First off I was just letting you know what I had that ALL GET ALONG not telling you what to buy, I'm sorry if it seemed that way. And my tank is now crab-less...committed suicide screwing around in the filter again. He loved playing Russian roulette with the spinner piece, this time he lost  But I digress...In my experience with barbs I agree with the boys, they're kinda douchey. If you don't have much space a 29g tall tank gives you more options than a 20g. Petco was having a sale $1/g on their tanks, but honestly try Craigslist or something if money's an issue. I got my GOOD hood, light, cover, algae scrubber, syphon, air stone & air pump for $55 from some kid with too much parents money & no sense; you can score if you look! I have Silver Angels, not very big right now I know they grow so I may end up giving them their own tank, we'll see. 

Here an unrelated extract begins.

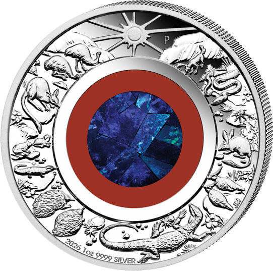 Das Herzstück der Motivseite bildet ein echter australischer Opal, eingefasst in einen rötlich-braunen Ring, der an die eisenhaltige Erde des Outbacks erinnert. Dieser Opal schimmert in tiefen Blau- und Türkistönen – kein Stück gleicht dem anderen, was jede einzelne Münze zu einem absoluten Unikat macht. Um diesen leuchtenden Kern herum entfaltet sich ein atemberaubendes Panorama der australischen Tierwelt: Kängurus springen durch die Landschaft, ein Krokodil gleitet am unteren Rand entlang, Emus recken ihre Hälse, Schlangen winden sich zwischen Felsformationen, und selbst das scheue Schnabeltier hat seinen Platz gefunden. Über allem thront eine stilisierte Sonne mit dem „P"-Mintzeichen der Perth Mint. Die Inschrift „2026 1oz 9999 SILVER" am unteren Rand bestätigt Gewicht und Reinheit.
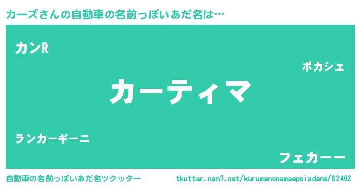 | 男性向けラノベタイトル風あだ名 | 『カーズアートオンライン』 |

As for Bettas, I've tried many times to put then in with other peaceful fish & they didn't seem to play well with others. It may be the ones I had, I've seen them at the pet stores in with other fish, I maybe buy the rebels, but over the years with my tanks I've tried at least a dozen...no bueno any of the times. For the 5 gal (assuming the heat, filtration, etc... is worked out. Which I'm sure it is seeing how you care enough to ask about their safety I doubt you'd have them swim about in an icy mud pit) I'm sticking with my not many fish statement, and the list. I think pink zebra danios would compliment your guppies well. I just love mine they look like little fairies in my tank (not in a gay way, no offense intended!). Also, guppies come in a ton of colours so if you don't seem to find good partners you can always mix it up???

And the frogs, you can Google Image pictures so you can see the difference because they can look quite similar. But they're a really fun addition! Mine are pretty blah (I have one in my 29g, one in a 10g with an expectant mommy) during the day but at night they dip around like crazy, they're hilarious. But be sure to have a cover, they leap sometimes (the ones I've had, anyway). Sorry for the delayed response I haven't been on :/ Oh & thanks for the add <3


----------